PROBLEM STATEMENT: The answer must restate the listing word for word, without its images.

INFORMATION:

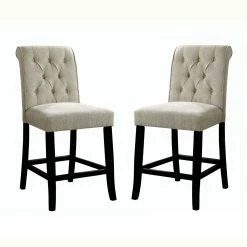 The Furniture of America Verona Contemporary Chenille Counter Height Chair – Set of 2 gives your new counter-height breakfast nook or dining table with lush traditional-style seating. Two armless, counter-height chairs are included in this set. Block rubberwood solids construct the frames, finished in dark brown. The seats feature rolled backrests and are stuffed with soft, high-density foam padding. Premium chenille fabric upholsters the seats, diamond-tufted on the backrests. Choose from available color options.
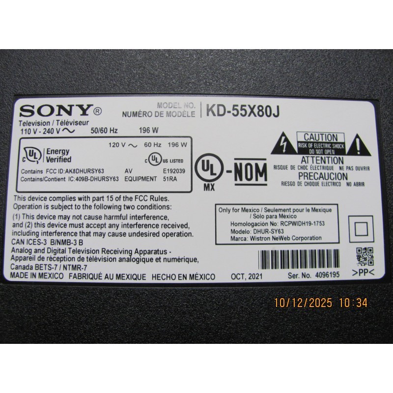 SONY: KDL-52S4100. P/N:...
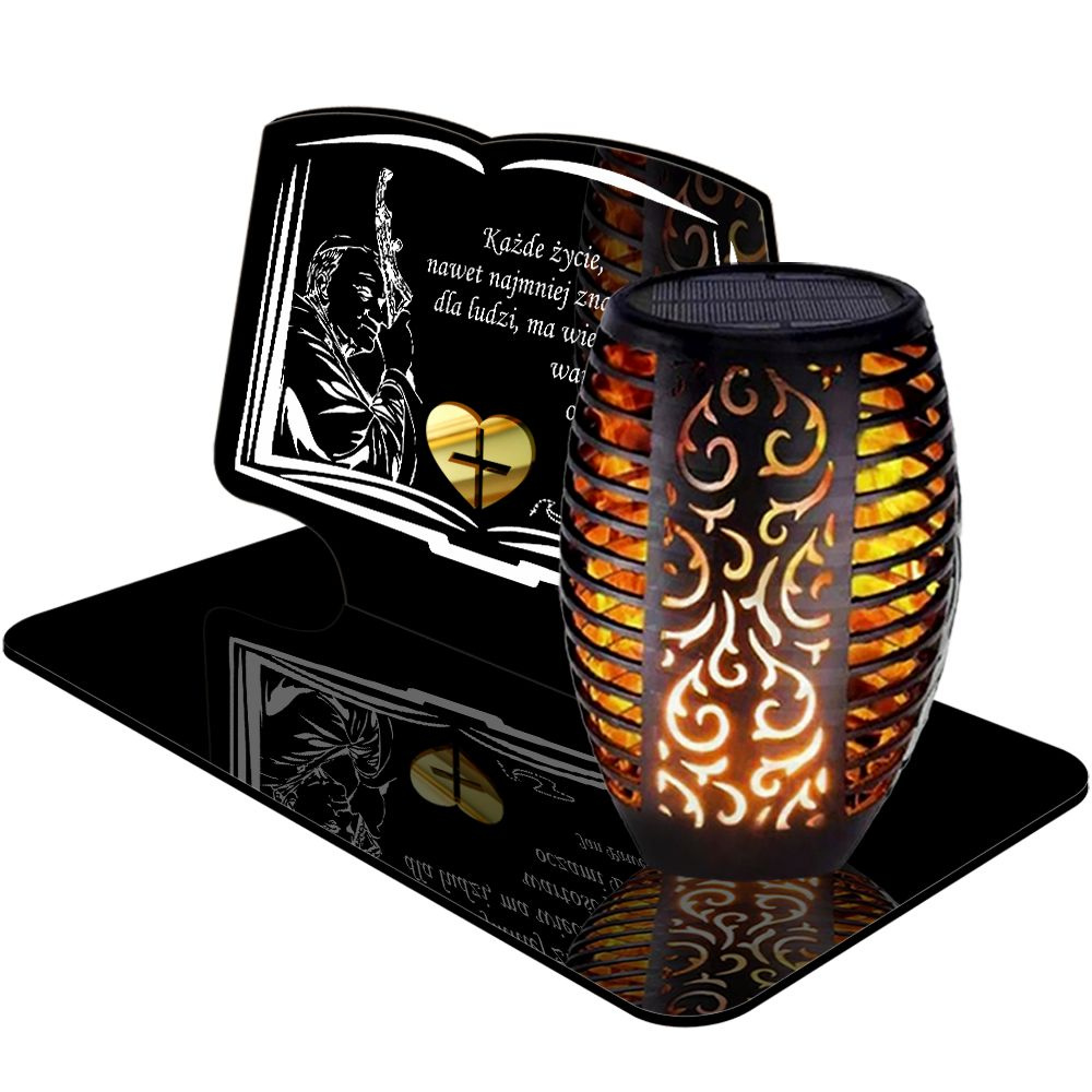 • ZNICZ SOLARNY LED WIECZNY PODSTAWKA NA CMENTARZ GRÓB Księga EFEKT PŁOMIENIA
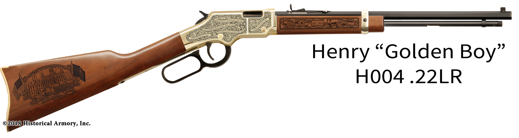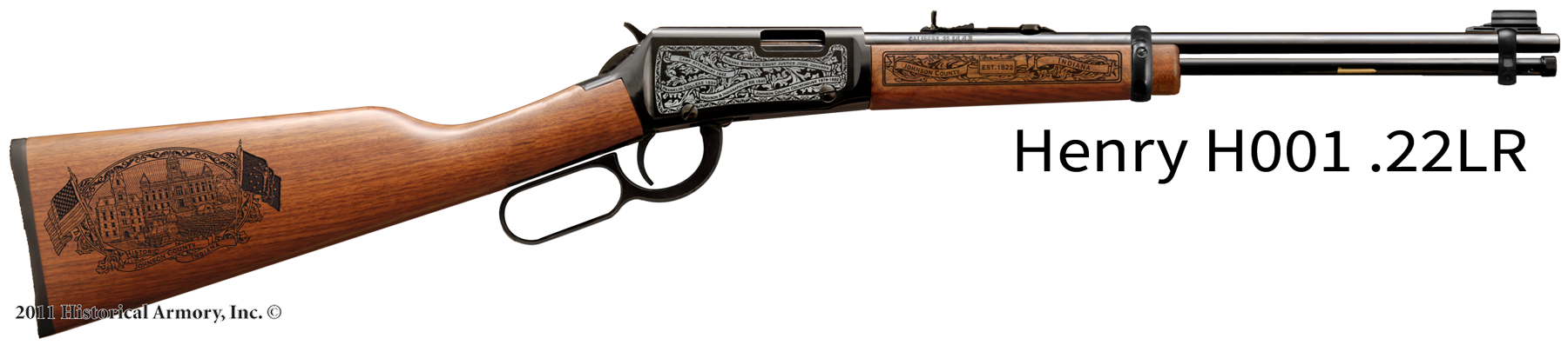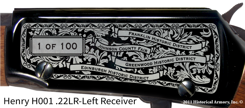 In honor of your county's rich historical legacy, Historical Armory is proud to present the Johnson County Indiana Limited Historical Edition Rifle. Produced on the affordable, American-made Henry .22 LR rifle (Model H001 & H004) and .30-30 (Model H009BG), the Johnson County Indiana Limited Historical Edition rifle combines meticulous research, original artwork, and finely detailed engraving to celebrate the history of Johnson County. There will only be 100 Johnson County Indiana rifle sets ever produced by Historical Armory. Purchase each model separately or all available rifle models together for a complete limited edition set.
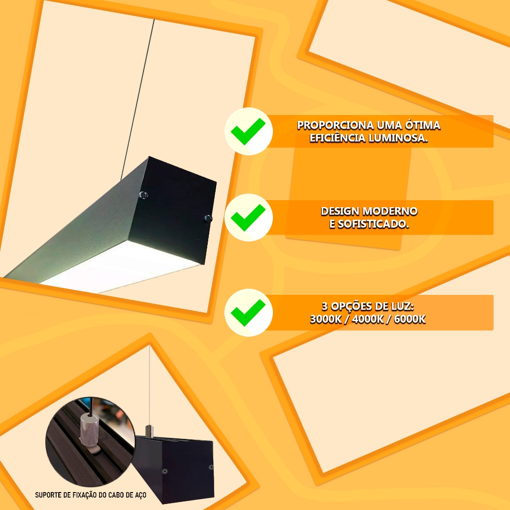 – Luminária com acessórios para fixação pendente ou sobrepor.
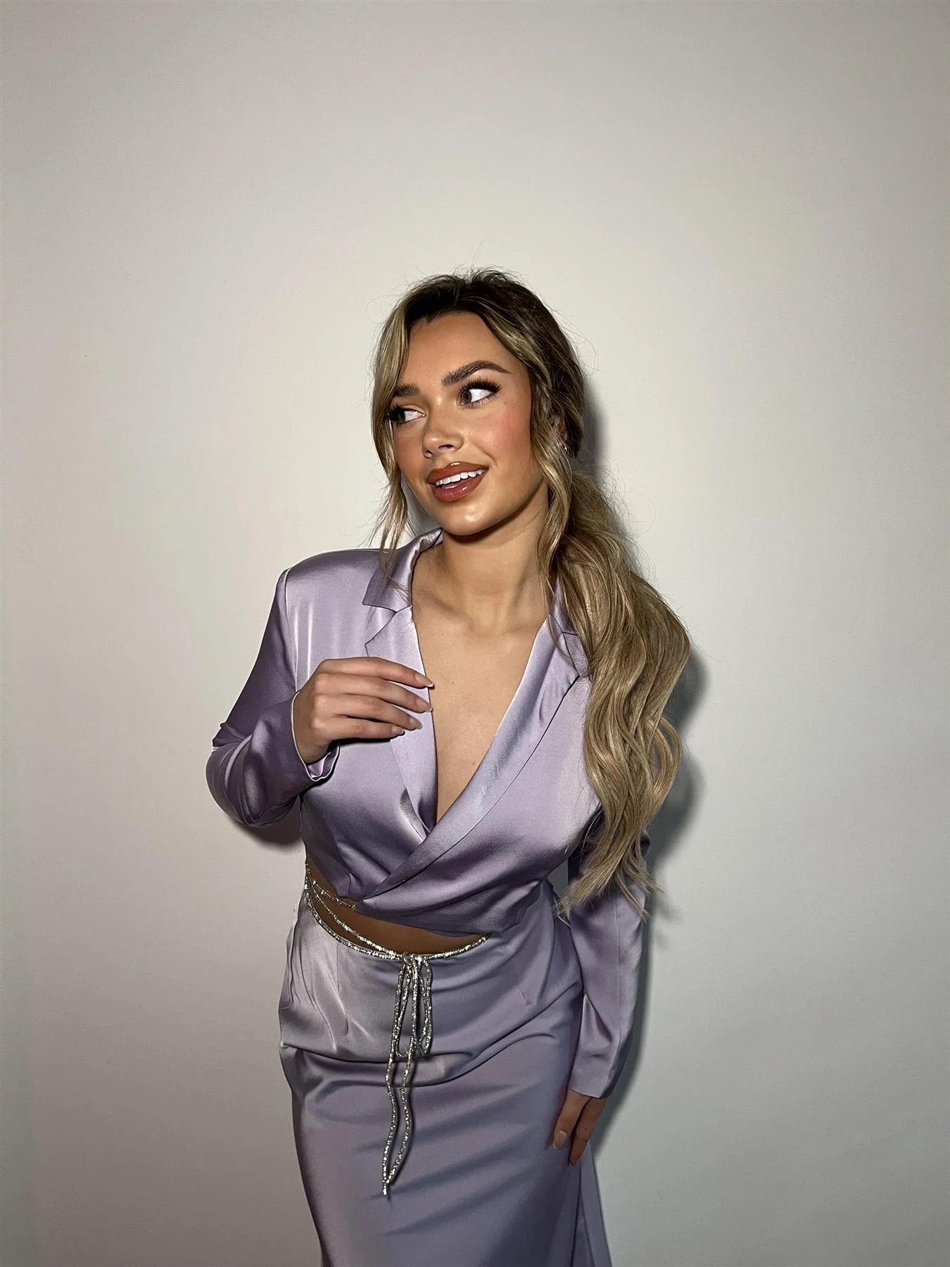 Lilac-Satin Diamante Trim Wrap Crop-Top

ANSWER TO THE PROBLEM:
 The Furniture of America Verona Contemporary Chenille Counter Height Chair – Set of 2 gives your new counter-height breakfast nook or dining table with lush traditional-style seating. Two armless, counter-height chairs are included in this set. Block rubberwood solids construct the frames, finished in dark brown. The seats feature rolled backrests and are stuffed with soft, high-density foam padding. Premium chenille fabric upholsters the seats, diamond-tufted on the backrests. Choose from available color options.
 SONY: KDL-52S4100. P/N:...
 • ZNICZ SOLARNY LED WIECZNY PODSTAWKA NA CMENTARZ GRÓB Księga EFEKT PŁOMIENIA
 In honor of your county's rich historical legacy, Historical Armory is proud to present the Johnson County Indiana Limited Historical Edition Rifle. Produced on the affordable, American-made Henry .22 LR rifle (Model H001 & H004) and .30-30 (Model H009BG), the Johnson County Indiana Limited Historical Edition rifle combines meticulous research, original artwork, and finely detailed engraving to celebrate the history of Johnson County. There will only be 100 Johnson County Indiana rifle sets ever produced by Historical Armory. Purchase each model separately or all available rifle models together for a complete limited edition set.
 – Luminária com acessórios para fixação pendente ou sobrepor.
 Lilac-Satin Diamante Trim Wrap Crop-Top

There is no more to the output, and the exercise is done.